After weeks of collecting new power toys, er, tools, and buying wood,
I'm up to my elbows in red oak shavings. Starting to think about
finishing, and will try to match my coffee table to the other pieces
we purchased a few years ago. Looks like a Watco kind of finish will
do it, though the purchased pieces do have a lacquer coating. Since
these pieces are from Lazy Boy, I'm betting they are NOT fumed . . .
Question: How important is the pore filler? I use it on my rosewood
guitars, but I think the "mission style" might look nice and woody if
the pores were left open. Has anyone made an un-filled table top?
Did you like it? If I filled the top only, and left the sides, etc
alone, would that look strikingly "unbalanced."
I always use pore filler on red oak prior to applying stain. If you are not
going to stain the oak, the pore filler is optional in my thinking.
Stain can suck up into the pores of red oak and bleed out causing freckling.
I personally do not like a surface finish on an open pored wood but, then
again, I don't like Latte either and prefer real coffee..
However, if you are contemplating a Watco oil finish it is a moot point You
don't fill the pores when using an oil finish. It kind of defeats the
purpose of using an oil, which is getting a warm soft luster and maintaining
the feel of the natural wood. Open pores and all.
Not important. Your surface will not be as smooth but it is not necessary.
As mentioned by Lowell, some stains may wick back out of the pores if you
use stain. I have never had that problem with the thicker stains and or gel
There are many advocates for both filling and not filling and one of our
more contemporary finishing artists, Jeff Jewitt has a mission finish
article on his Homestead Finishing Products website. If you were to use
Quarter Sawn White oak on your mission projects as the originals are made
from, the grain is tight enough that you would usually not want to use any
filler. I have never used it and have been pleased with the various stains
top coats I have used on my mission projects.
Dennis Slabaugh, Hobbyist Woodworker
I'd try a board both ways and see what you like. A coat of pore filler
(I use pore-o-pac) doesn't leave the surface completely smooth, but it
helps quite a bit. I personally like to see the wood, but don't like the
uneven shine on the table top.
I've done a couple of pieces with pore filler on the top only and not
filling the sides looks fine. Unless it is a large area on the side, or
you are going for a super high gloss top, the difference isn't as
noticable on the vertical pieces, especially on the normally thing
vertical pieces on a mission piece.
disclaimer: I am refering to flatsawn red oak. quarter or riftsawn may
not need the pore filler for the look you are going for.

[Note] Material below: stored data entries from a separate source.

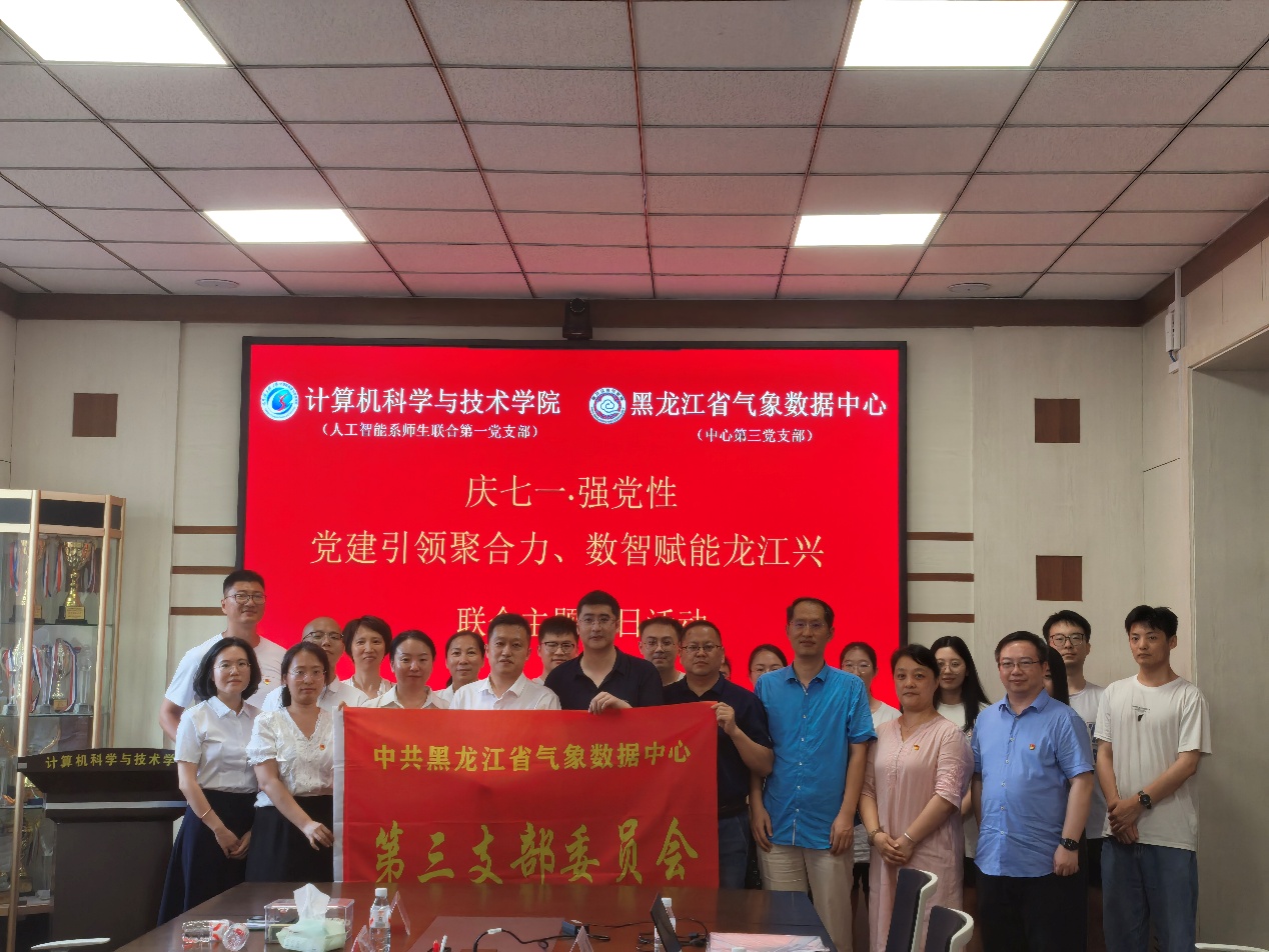 为庆祝中国共产党成立104周年,强化党的作风建设,扎实推进党性教育与业务工作深度融合,7月3日,pp电子游戏官网人工智能系师生联合第一党支部与黑龙江省气象数据中心第三党支部组织开展了“庆七一·强党性:党建引领聚合力、数智赋能龙江兴”联合主题党日活动。活动由人工智能系师生联合第一党支部书记王勇主持,黑龙江省气象数据中心党委副书记姜慧、中心副主任黄博、计算机学院党委副书记刘正及两支部20余位党员参会。
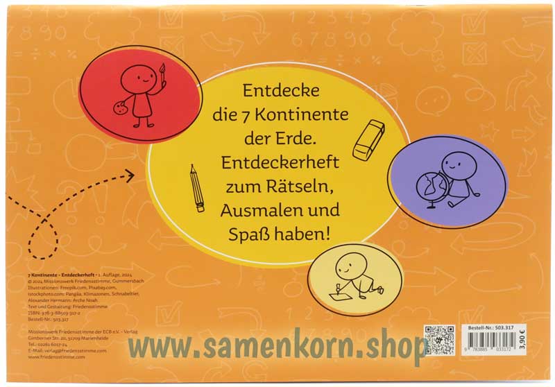 Entdeckerheft für Kinder zum Rätseln und Spaß haben! Gott hat die Welt wunderbar erschaffen. Unsere Erde ist reich an Leben. Auf jedem Kontinent der Welt leben unterschiedliche Menschen, Tiere und auch die Natur lässt uns staunen. Entdecke Gottes wunderbare Schöpfung rund um den Globus! Es gibt Rätsel, um die Kontinente und Tiere besser kennenzulernen, dazu Bilder zum Ausmalen.
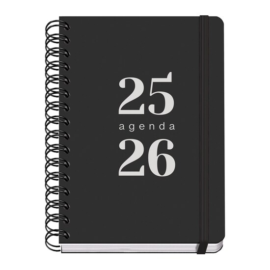 Agenda escolar A5 espiral semana vista colour vibes Dohe negra bilingüe.
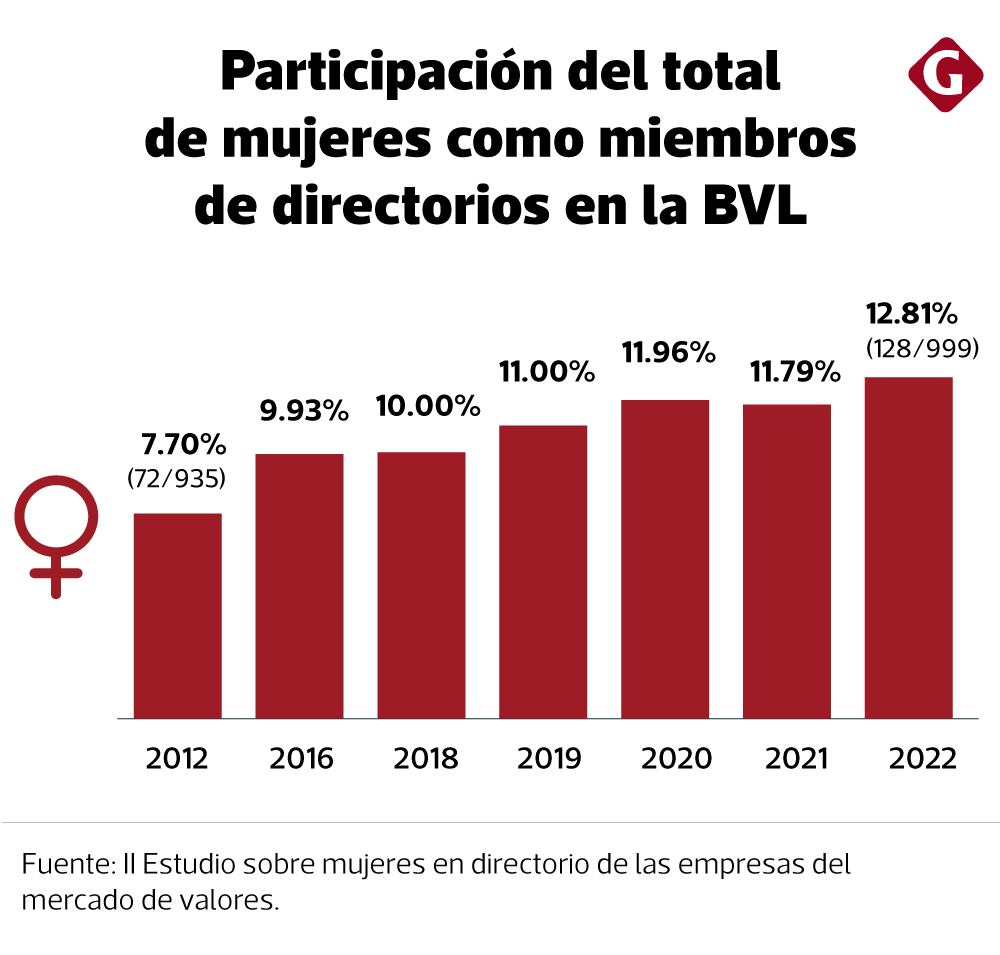 Entre los 999 directores de las 218 empresas de la Bolsa de Valores de Lima, solo 128 (es decir el 12.81%) son mujeres, según cifras del 2022. Estos datos revelan un avance de apenas 1.02 puntos porcentuales con respecto al año anterior (11.79%) y de 5.11 puntos porcentuales con respecto al resultado de 10 años atrás (7.7%).

firstname.lastname@example.org (Scott) wrote in
In our family, red oak was the furniture style we gravitated to in the
70's. It survived raising 4 sons, with all of their friends, cousins,
sports teams and scouting units. We never wanted to worry that much about
the furniture to have 'fancy' stuff. Red oak was tough, and affordable.
Now I'm building new stuff, as I get the time and skills, and the
'experienced' furniture slowly migrates to the boys' homes. All in the
proper order of things.
One look that isn't necessarily authentic, but suits our family's tastes,
involves an oil finish to color and warm the red oak to the tone you want,
and then, after a suitable curing period, wiping on a number of coats of
dewaxed blond shellac. When the shellac is cured, I rub on a coat or two
of Briwax clear, or something similar, with white synthetic steel wool.
It doesn't have the durability of poly, or some of the tougher finishes,
but it still looks and feels like wood. More importantly, the methods suit
my limited, but growing skills. They also look good with red oak, which
isn't the easiest wood to finish well. And these methods don't shut down
my garage, er, 'studio' for long periods of time while curing.
I've done four or five small tables & desks this way, plus some
display/work furniture for my wife's quilting addiction, er, hobby.
Have fun with this table project. May many more follow.